Lone Legion motorcycle association^{[citation needed]}
- Abbreviation: LLMC
- Region served: New Zealand

= Lone Legion Brotherhood =

New Zealand outlaw motorcycle club

The Lone Legion Motorcycle Association was an outlaw motorcycle club located in Blenheim, New Zealand.

The Lone Legion established itself in Blenheim during the 1970s, and considered the town its exclusive territory, successfully excluding other gangs from town until about 2007.

In September 2007, a fatal shooting outside the clubhouse resulted in four gang members being charged with murder, with one being found guilty. In the aftermath of the shooting, the gang demolished its clubhouse, apparently in anticipation of Police seeking a court order to demolish fortifications. In 2010, gang members built a warehouse on a new site.
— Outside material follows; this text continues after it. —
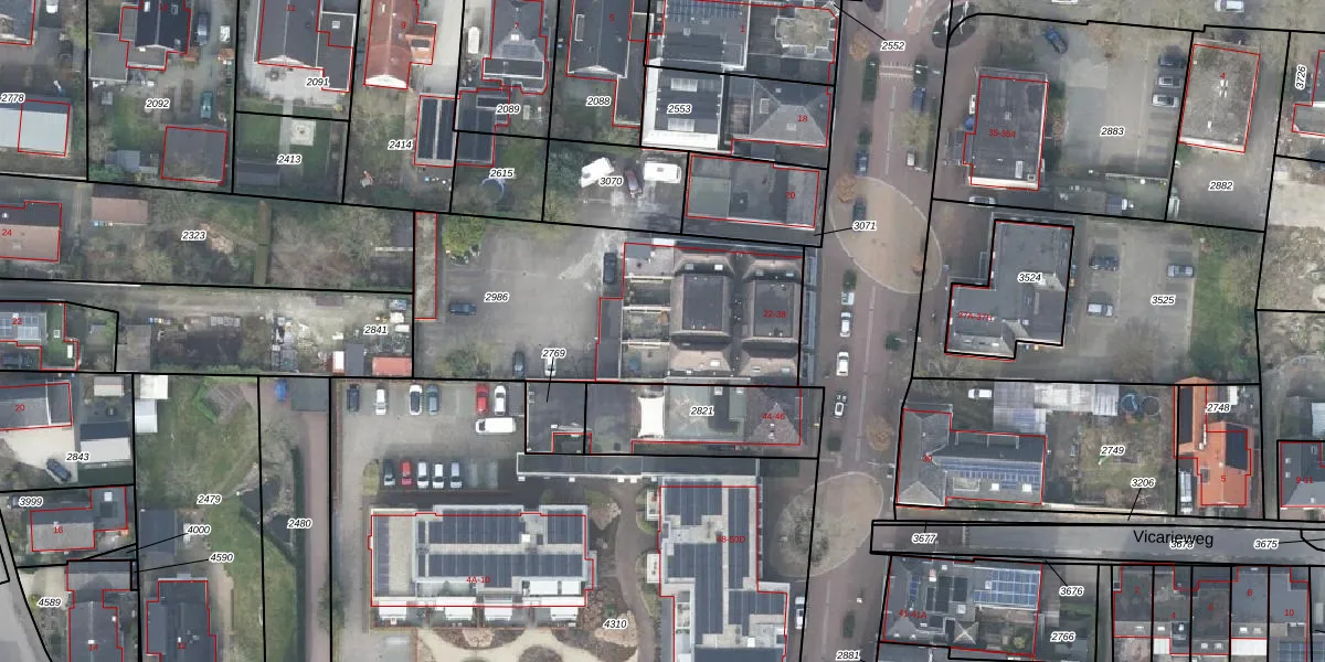 Het perceel waarop het adres ligt is VSN02-C-2986. De afkorting 'VSN02' staat voor kadastrale gemeente Vaassen. Het perceel is kleiner dan gemiddeld in Vaassen. Het perceel is 1381 m² groot, terwijl het gemiddelde ligt op 5565,73 m². De grootste perceeloppervlakte in de kadastrale gemeente is 1,98 km². De kleinste oppervlakte bedraagt 0 m². Er zijn 9 adressen aanwezig op het perceel. De laatste wijziging in het de Basisregistratie Kadaster (BRK) was op 05-07-2000.
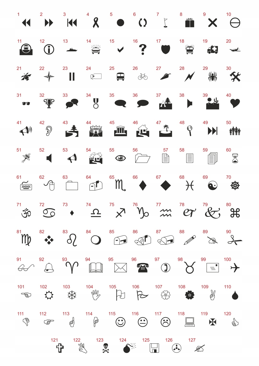В вашем дизайне можно использовать следующие символы и шрифты.

The family of the murder victim criticized both the Marlborough District Council and Police for allowing the gang to establish a new pad.

According to media and Police the club is a member of the "A-Team", an alliance between several NZ biker groups including the Outcasts MC, the Epitaph Riders MC, the Forty-Fives MC, the Southern Vikings MC, Satan's Slaves MC, Sinn Fein MC and the Lost Breed MC.

In 2019, Carl Bradley, writing in the NZ Herald, reported that the Lone Legion had patched over to the Outlaws MC.